What this task involves ▸
Reproduce the material below only from the line with "hello.i -o hello.s" to the line with "Buenas: tengo la", both included, keeping each line exact and dropping the pictures.

==== Excerpted records

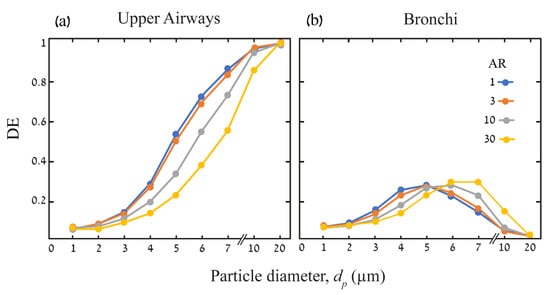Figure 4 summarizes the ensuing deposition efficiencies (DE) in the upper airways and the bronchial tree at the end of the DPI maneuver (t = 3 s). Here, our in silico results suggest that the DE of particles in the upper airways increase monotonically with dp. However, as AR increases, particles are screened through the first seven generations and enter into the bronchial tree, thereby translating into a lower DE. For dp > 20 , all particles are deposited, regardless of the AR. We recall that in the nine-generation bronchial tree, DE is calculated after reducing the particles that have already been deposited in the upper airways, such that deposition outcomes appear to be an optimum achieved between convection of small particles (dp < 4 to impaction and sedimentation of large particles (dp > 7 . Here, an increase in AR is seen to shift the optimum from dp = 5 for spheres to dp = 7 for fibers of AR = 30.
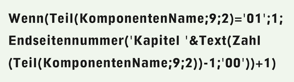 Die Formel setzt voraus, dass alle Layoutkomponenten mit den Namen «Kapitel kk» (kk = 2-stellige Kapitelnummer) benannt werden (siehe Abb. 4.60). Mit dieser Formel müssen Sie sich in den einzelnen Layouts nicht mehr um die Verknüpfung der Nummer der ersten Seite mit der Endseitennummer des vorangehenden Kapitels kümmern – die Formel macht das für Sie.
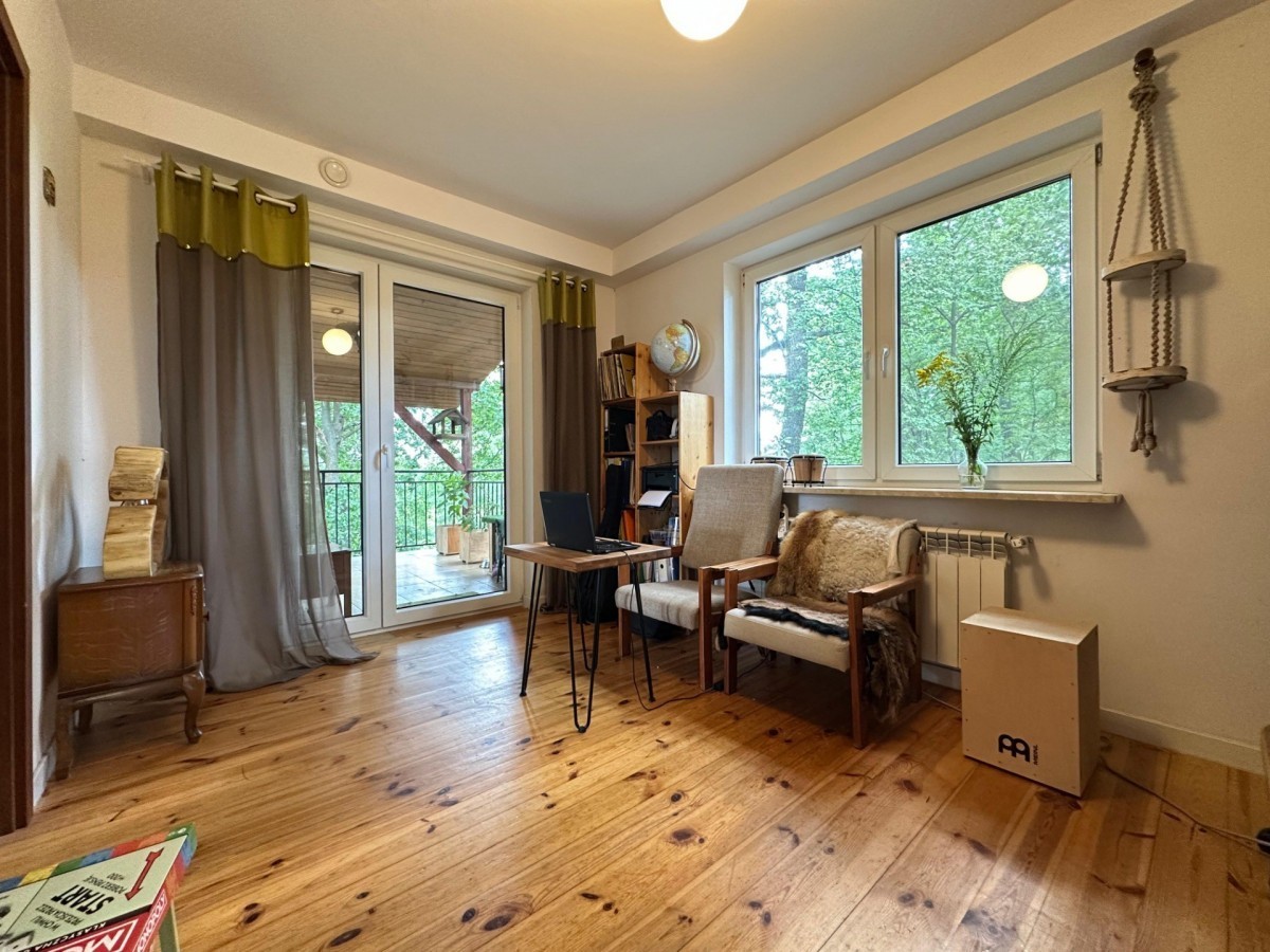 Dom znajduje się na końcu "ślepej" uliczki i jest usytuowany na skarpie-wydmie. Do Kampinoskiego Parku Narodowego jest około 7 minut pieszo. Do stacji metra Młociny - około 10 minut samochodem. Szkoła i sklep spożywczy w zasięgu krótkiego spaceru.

========
==== Excerpted records

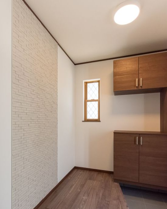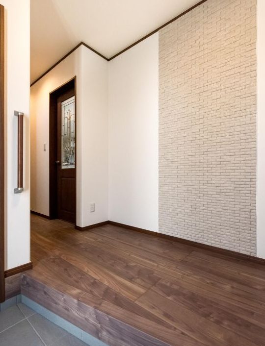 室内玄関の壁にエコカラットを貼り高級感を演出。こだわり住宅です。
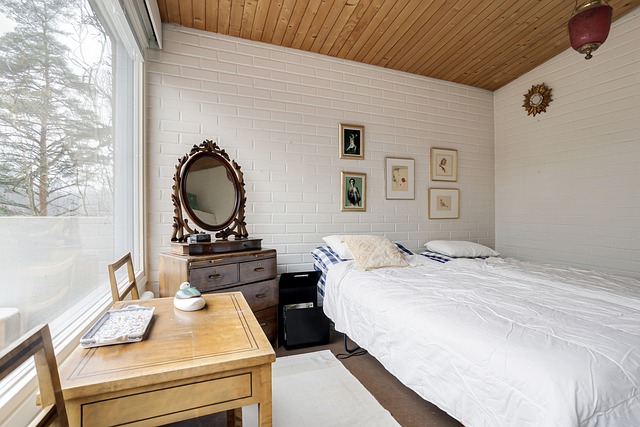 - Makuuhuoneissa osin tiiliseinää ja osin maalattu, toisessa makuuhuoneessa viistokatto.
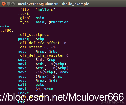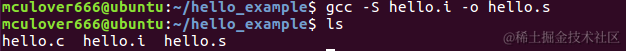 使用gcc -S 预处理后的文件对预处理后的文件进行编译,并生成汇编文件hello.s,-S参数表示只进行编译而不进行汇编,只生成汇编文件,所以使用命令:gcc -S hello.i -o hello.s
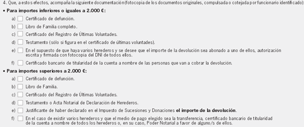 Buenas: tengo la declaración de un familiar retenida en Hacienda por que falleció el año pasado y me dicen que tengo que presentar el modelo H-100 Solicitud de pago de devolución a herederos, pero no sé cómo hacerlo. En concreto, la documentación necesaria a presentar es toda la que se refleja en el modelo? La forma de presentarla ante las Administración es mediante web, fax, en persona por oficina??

========
==== Excerpted records

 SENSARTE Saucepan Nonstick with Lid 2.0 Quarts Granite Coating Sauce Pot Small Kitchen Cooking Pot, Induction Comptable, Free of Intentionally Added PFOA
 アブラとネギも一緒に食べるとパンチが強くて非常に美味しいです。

========

Answer to this task ▸
 使用gcc -S 预处理后的文件对预处理后的文件进行编译,并生成汇编文件hello.s,-S参数表示只进行编译而不进行汇编,只生成汇编文件,所以使用命令:gcc -S hello.i -o hello.s
 Buenas: tengo la declaración de un familiar retenida en Hacienda por que falleció el año pasado y me dicen que tengo que presentar el modelo H-100 Solicitud de pago de devolución a herederos, pero no sé cómo hacerlo. En concreto, la documentación necesaria a presentar es toda la que se refleja en el modelo? La forma de presentarla ante las Administración es mediante web, fax, en persona por oficina??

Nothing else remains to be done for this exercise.